Complainant averred that the signatures of his deceased father in the will and in the
deed of donation were “in any way entirely and diametrically opposed from one
another in all angle[s].”
Complainant further asserted that no copy of such purported will was on file in the
archives division of the Records Management and Archives Office of the National
Commission for Culture and the Arts (NCCA).
ISSUE:
HELD:
Yes, thus Tambago violated the Notarial Law and the ethics of legal profession.
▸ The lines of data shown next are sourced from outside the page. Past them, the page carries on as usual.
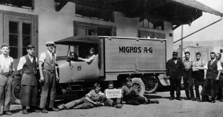 E ora vorrei parlarvi di quell'uomo generoso con idee geniali, che fu Gottlieb Duttweiler. Nel 1925 compaiono in strada cinque camion sgangherati, che portavano alimentari in posti remoti. Poi, negli anni, questo mezzo di vendita viene offerto con una flotta di 144 enormi camion, veri negozi itineranti che arrivano dappertutto.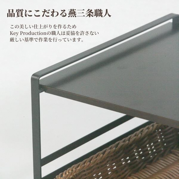 | 容量 | 材質 フレーム:スチール、メラミン焼付塗装 天板 :MDF、ウレタン樹脂塗装 バスケット:ポリプロピレン サイズ:幅:約43.5奥行:約30.5高さ:約21cm 重量:約2.3kg |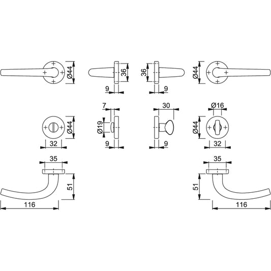 Maniglia Hoppe Hamburg rosetta e bocchetta tonde d. 52 mm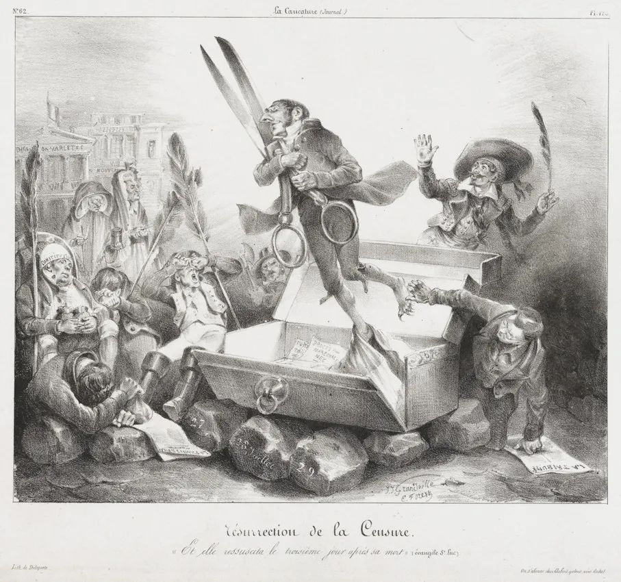 在复辟时期,艺术家们创造了一种符号元语言来逃避审查:审查制度本身被拟人化为一把永远在攻击的大剪刀,神职人员被描绘成忙于熄灭启蒙之光的熄烛人,而复辟政权的政治人物则被刻画成只知道倒着走路的龙虾。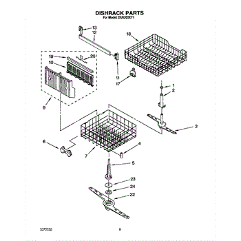 The Lower Dishwasher Rack Assembly is an OEM part for Whirlpool dishwashers. This part holds and organizes dishes, pots, and pans in the lower section of the dishwasher, ensuring they are properly positioned for effective cleaning.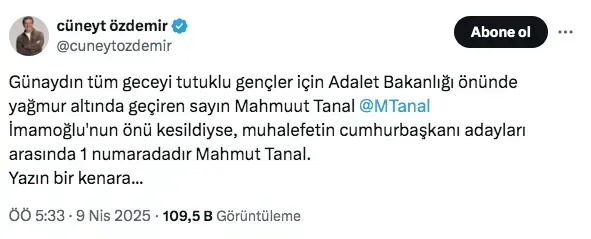-Günaydın tüm geceyi tutuklu gençler için Adalet Bakanlığı önünde yağmur altında geçiren sayın Mahmuut Tanal... İmamoğlu'nun önü kesildiyse, muhalefetin cumhurbaşkanı adayları arasında 1 numaradadır Mahmut Tanal. Yazın bir kenara...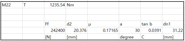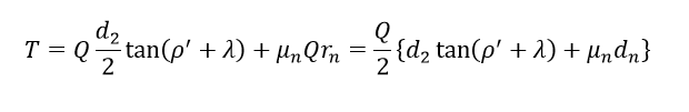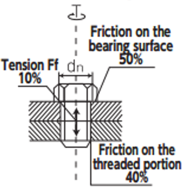 여기서, μn은 너트 또는 볼트 머리의 자리면, 와셔 면의 마찰계수이며 rn, dn은 해당 면의 평균 지름을 나타냅니다.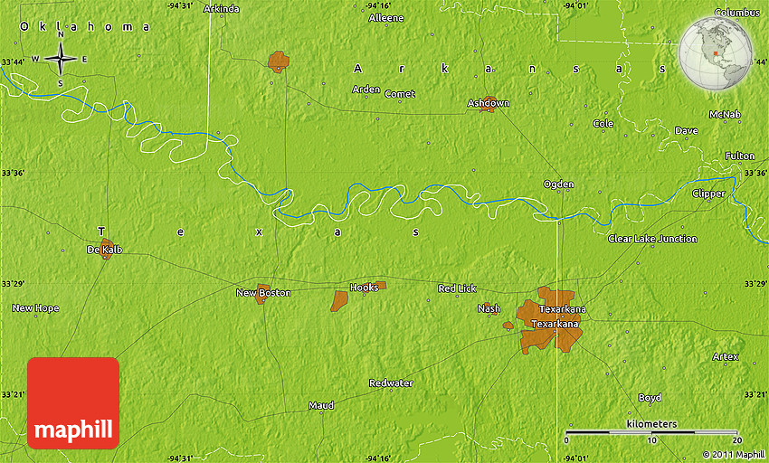 Maphill is a collection of map images. This physical map of the area around 33° 32' 52" N, 94° 16' 30" W is one of them. Click on the Detailed button under the image to switch to a more detailed map.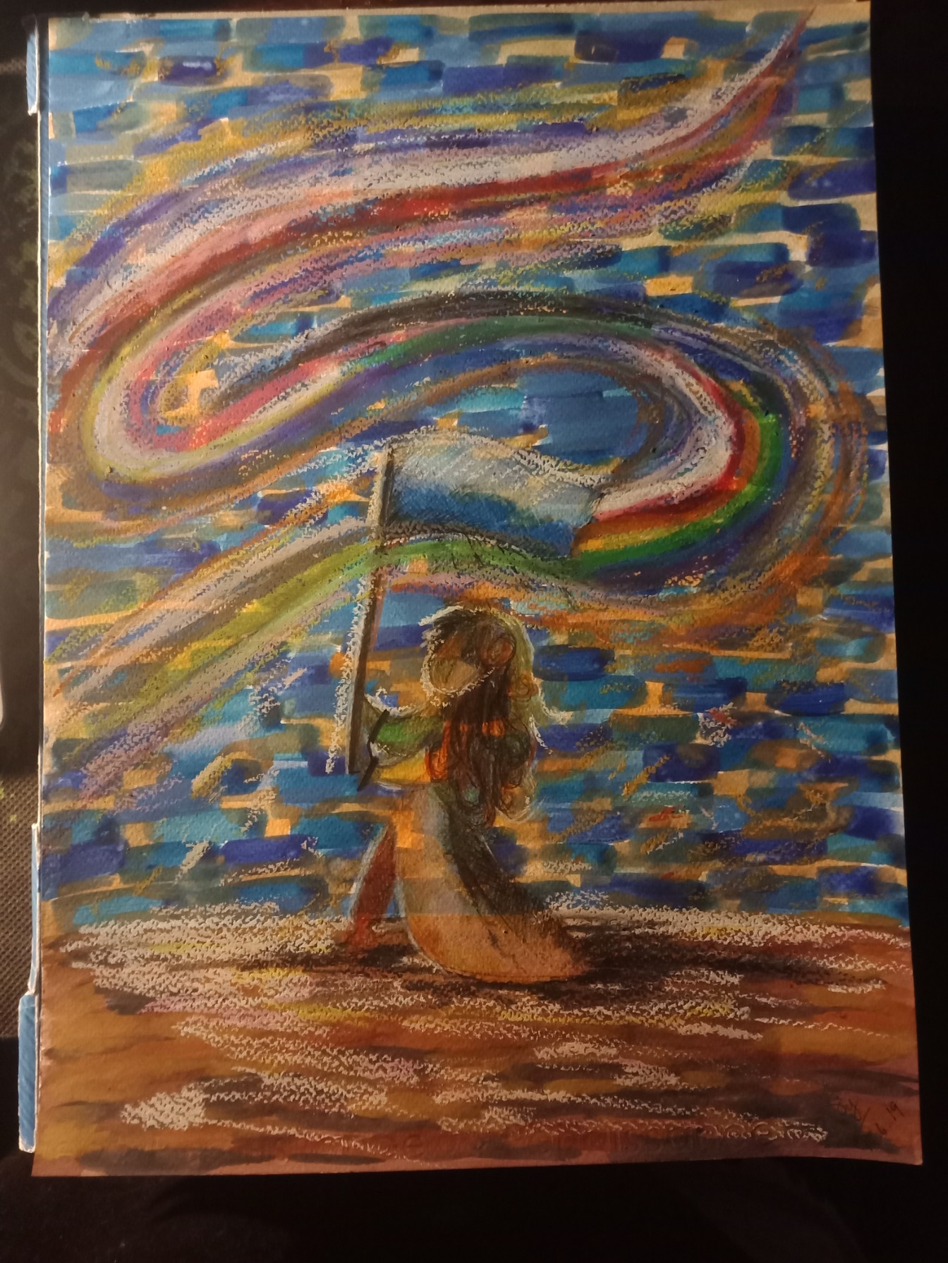 ใช่ฉันได้พูดถึงคนโบกธง ฉันขอถามว่าอย่างแรกว่าคุณดูออกไหมว่าฉันวาดเป็นคน และคุณดูออกไหมลักษณะของคนที่ฉันวาดเป็นเช่นไร ใช่อาจดูยากเพราะมันคือการซ้อนของความเป็นมนุษย์เอาไว้ในที่เดียว สภาพเพศ กาลเวลา ลักษณะผิวพรรณ สีผิว สีผม ลักษณะผม อาภรนที่แตกต่าง ทุกอย่างรวมเป็นหนึ่ง ไม่ใช่เพราะฉันขี้เกียจวาดเลยรวบรัด แต่เพราะฉันต้องการแสดงถึงจุดยืนของความเป็นหนึ่ง ความเท่าเทียมในทางสังคมที่ทุกวันนี้เห็นเรียกร้อยและเริ่มกล้าที่จะพูดมาบ้าง แต่เอาเข้าจริง ก็ไม่พ้นการเหยียดกันจนถึงตอนนี้ฉันก็ยังเห็นการเหยียดกัน การไม่ให้เกียรติ การไม่เคารพกันอยู่ถมไป มันเป็นเรื่องไม่ปกติที่ปกติในสังคม คงจะไม่มีอะไรเถียงได้ในข่าวที่แพร่กระจายให้เห็นอยู่ทุกวันหรอกจริงไหม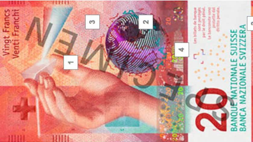 Bei der Serie 9 der Schweizer Banknoten gehört zur fälschungssichersten der Welt. 15 Sicherheitsmerkmale wie Kippeffekt, Wasserzeichen, Silberfäden oder Mikrotext sorgen dafür, dass Fälscher beim Kopieren die Haare raufen werden.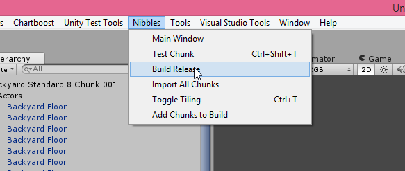 I know that the levels are going to have large numbers of certain types of objects such as spiders, nibbles and level tiles, so what I decided to do was record the unique properties for each instance of the objects such as their position, rotation, sprite type etc. I could then delete those objects from each chunk.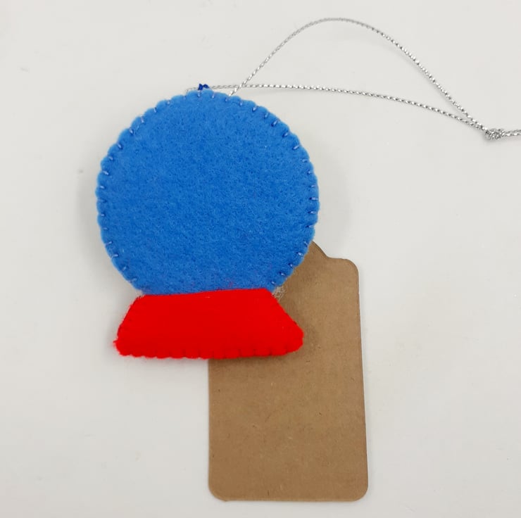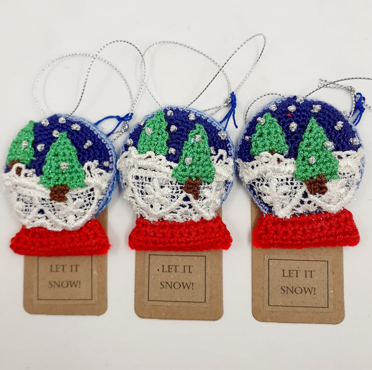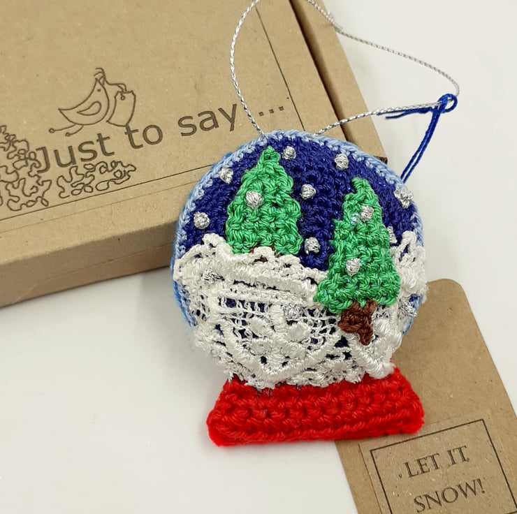 This sweet little tree decoration is crocheted in cotton and embroidered with a silver lamé thread. The dark blue background and the trees have a subtle sparkle. The settled snow is made from a snippet of cotton lace. There is a circle of card in the globe section which is also domed using a polyester filling. The decoration is backed with craft felt and hands from a silver loop. The globe measures approximately 6 cm in length from the top of the globe to the bottom of the red base.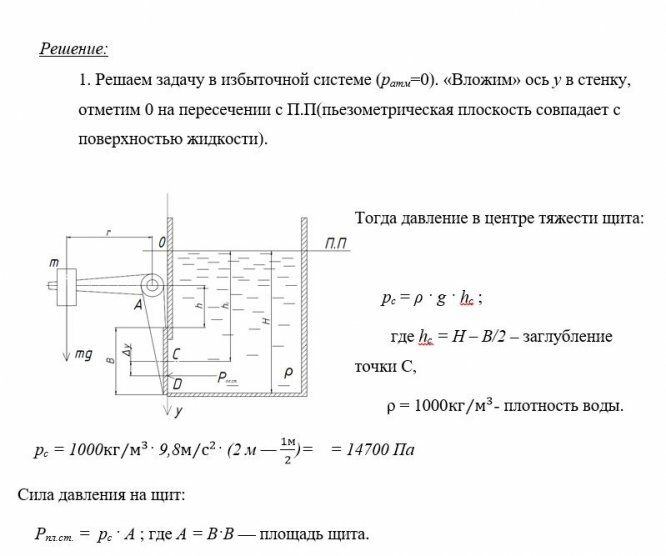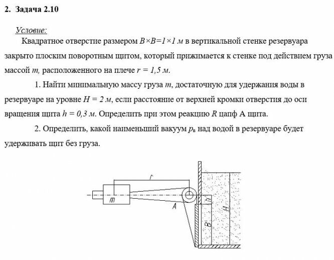 Задача (Куколевский И.И.) 2-10 . Квадратное отверстие размером В*В = 1*1 м в вертикальной стенке резервуара закрыто плоским щитом, который прижимается к стенке грузом О на плече r = 1,5 м. 1) Найти минимальную величину груза G, достаточную для удержания воды в резервуаре на уровне H=2 м, если расстояние от верхней кромки отверстия до оси вращения щита h = 0,3 м. Определить при этом реакцию R цапф А щита. 2) Определить, какой наименьший вакуум ри над водой в резервуаре будет удерживать щит без груза? Ответ. m = 857 кг, R= 16,9 кН, Рв = 15,7 кПа..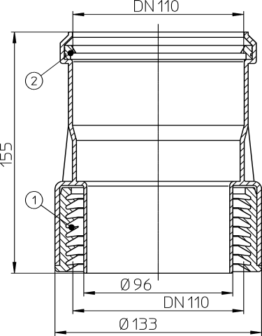 Переходник HL9/1 предназначен для соединения канализационного оборудования из пластика, а также безнапорной канализационной трубы из ПВХ или ПП со стальной трубой или с чугунной безраструбной трубой (SML).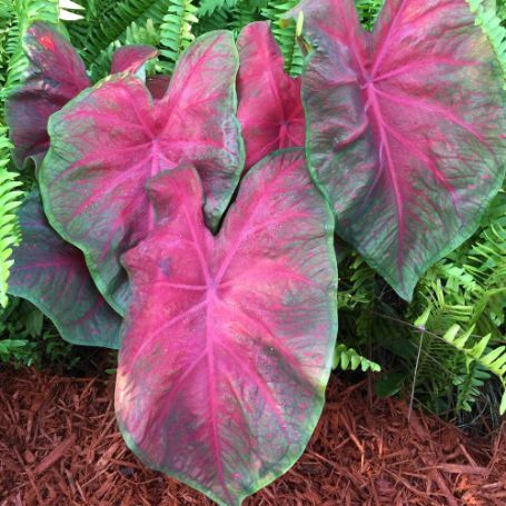 Caladiums are beloved for their striking foliage, not flowers. Their large, colorful leaves often feature intricate patterns and veining that create eye-catching contrast in any setting. Available in a wide variety of cultivars, Caladium plants can display bold reds, delicate pinks, clean whites, and vibrant greens—sometimes all on the same leaf!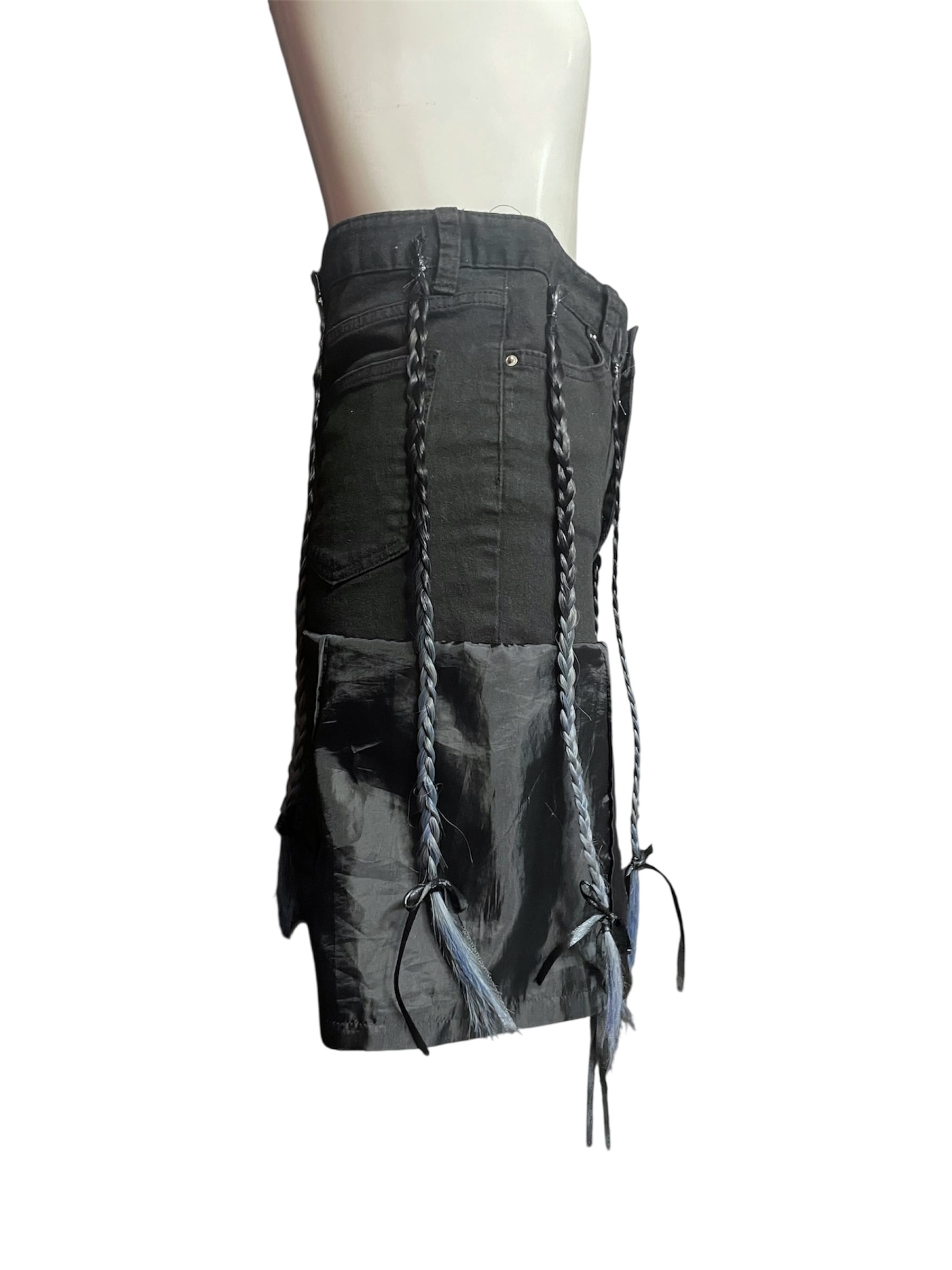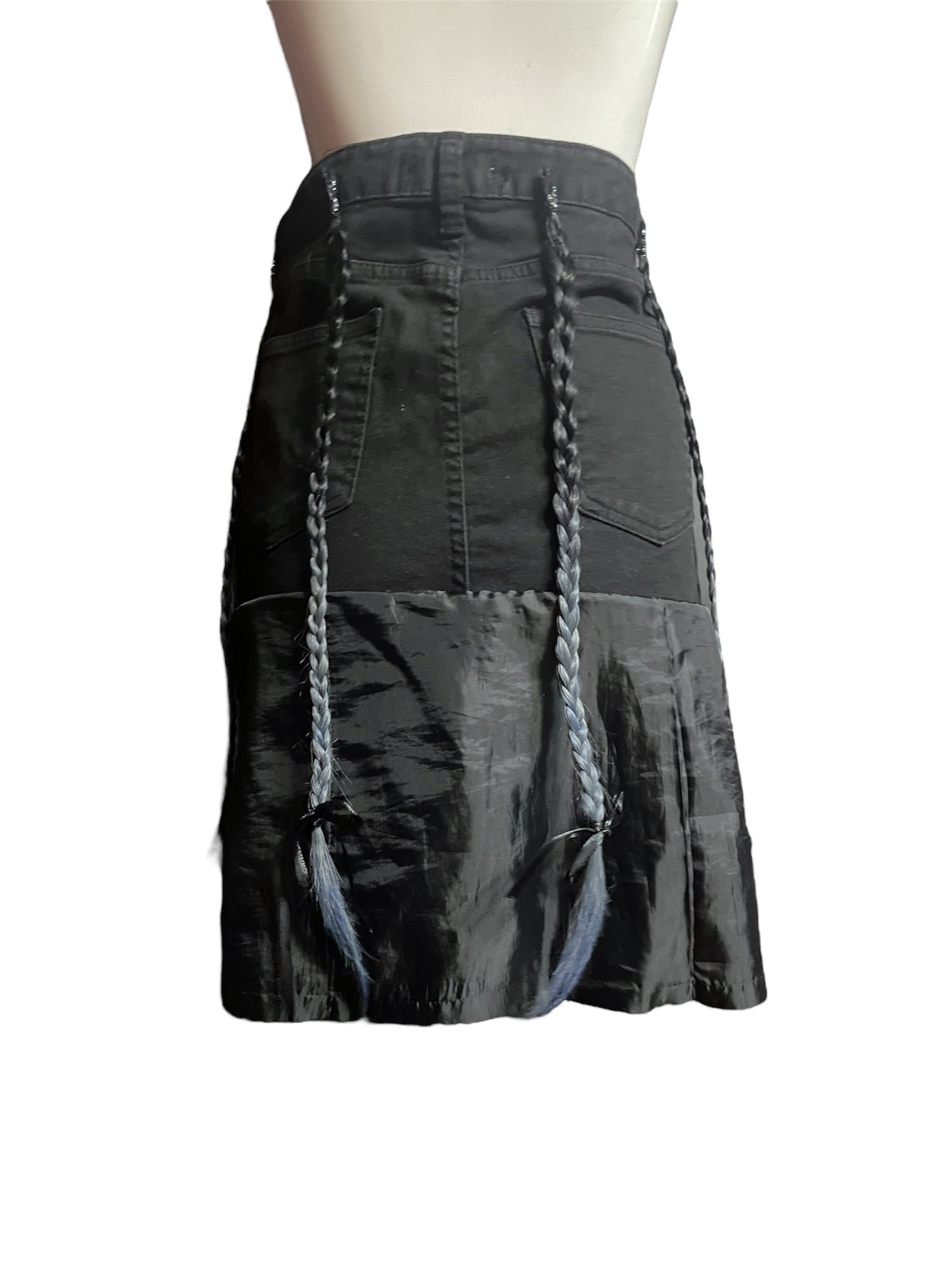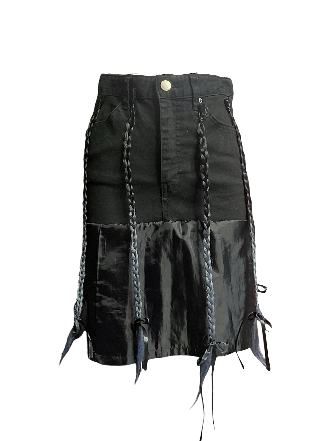 黒デニムにウィッグの毛先を編み込みにしたものを垂らしたインパクト抜群のデザイン。

The law provides for certain formalities that must be followed in the execution of
wills. The object of solemnities surrounding the execution of wills is to close the
door on bad faith and fraud, to avoid substitution of wills and testaments and to
guarantee their truth and authenticity.
A notarial will, as the contested will in this case, is required by law to be subscribed
at the end thereof by the testator himself. In addition, it should be attested and
subscribed by three or more credible witnesses in the presence of the testator and of
one another. The will in question was attested by only two witnesses. On this
circumstance alone, the will must be considered void. This is in consonance with
the rule that acts executed against the provisions of mandatory or prohibitory laws
shall be void, except when the law itself authorizes their validity. The Civil Code
likewise requires that a will must be acknowledged before a notary public by the
testator and the witnesses. An acknowledgment is the act of one who has executed a
deed in going before some competent officer or court and declaring it to be his act
or deed. It involves an extra step undertaken whereby the signatory actually
declares to the notary public that the same is his or her own free act and deed. The
acknowledgment in a notarial will has a two-fold purpose: (1) to safeguard the
testator’s wishes long after his demise and (2) to assure that his estate is
administered in the manner that he intends it to be done.